Oct 12 2005

Truth in Disclosure

Posted at 7:50 am under Funny

It’s no secret I’m a big fan of XM Radio. Honestly, I don’t know why anyone would buy Sirius at this point, unless they’re a huge NFL fan, but even then, why not either watch the game on TV or buy Direct TV?

Anyway, Howard Stern is going to Sirius and is getting off commercial radio. All six of the people who still think he’s funny are really going to miss him, but I digress. Since Sirius and XM have been locking horns for a long time, the mudslinging has gone back and forth fast and furious. Something that has recently come up, though, is that Sirius isn’t actually playing fair with their subscriber numbers:

Sirius added 359,000 new users in the third quarter, nearly doubling its year-ago increase. At first blush that looks far more impressive than the 48% subscriber growth at rival XM Satellite .

But it turns out that not all those new Sirius subscribers are actual people.

XM and Sirius both count on arrangements with big automakers like Ford (F:NYSE - news - research - Cramer’s Take) and GM (GM:NYSE - news - research - Cramer’s Take) to power subscriber gains. But where XM waits until a car buyer activates the service to add to its new-user tally, Sirius sometimes starts counting as soon as a car with a factory-installed radio arrives at the dealership.

So a number of those freshly minted Sirius subscribers could actually be Chrysler Concordes sitting on a dealer’s lot somewhere. Observers say that kind of liberal math could be bolstering Sirius’ growth — especially now, as dealers are receiving a new crop of 2006 models.

Sirius’ practice means the company can “call it a sub, even if it is sitting under water on a dealer’s lot in New Orleans,” says one investor who sold Sirius and holds XM.

Now, I work in the wireless industry.

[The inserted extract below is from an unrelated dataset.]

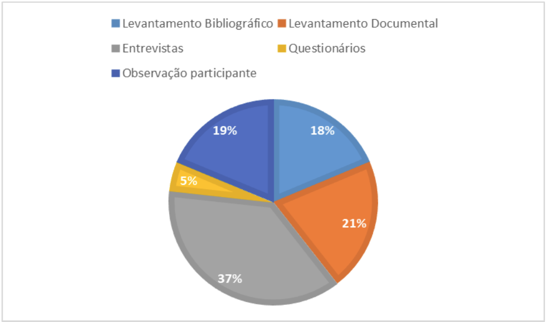 O Gráfico 4 revela o índice de cada procedimento metodológico de coleta de dados utilizado pelos pesquisadores. Nele, consta que as entrevistas representam um total de 37% dos procedimentos adotados pelos pesquisadores, seguidas pelo levantamento documental com 21%, a abordagem de observação participante com 19%, o levantamento bibliográfico com 18% e os questionários com 5%. Como mencionado, o procedimento mais utilizado pelos pesquisadores é a entrevista que, segundo Prodanov e Freitas (2013, p. 106), “é sempre realizada face a face (entrevistador mais entrevistado); também pode ou não ser realizada com base em um roteiro de questões preestabelecidas e até mesmo impressas”. Devido à natureza face a face, o pesquisador (entrevistador) pode colher informações que vão além das questões expostas ao informante (entrevistado), permitindo que o pesquisador aproveite falas que serão primordiais para um resultado mais completo e verídico.

This would be akin to T-Mobile calling every phone shipped to a dealer a subscriber. Needless to say that no one doing such a thing should be taken seriously, but think about the implications of that.

Sirius, of course, defends the misrepresentation of their subscriber numbers:

Frear says he counts the car as a subscriber because that’s when the car company pays Sirius for the radio subscription. He says Sirius receives the one-year subscription money upfront from the carmaker and defers the revenue by booking it in monthly installments or amortizing it over the life of the service contract. Sirius also books the subscriber acquisition costs upfront.

So whether or not you make an active effort (ie: buying a Sirius satellite receiver), you’re a subscriber just because you have one in your posession that you may or may not actually activate (what Frear doesn’t tell you is that just having it doesn’t mean you get the service; in order to get the service you have to call up and turn it on, so that “subscriber” may not ever actually hear a single show on the network).

Shouldn’t come as a surprise, though. Howard Stern has been claiming Sirius has 3 million subscribers due to his announcement that he’s going to be appearing there in January on Channel 100. Unfortunately for Howard, they don’t even have 2.5 million yet. I guess lying about the numbers is a Sirius thing.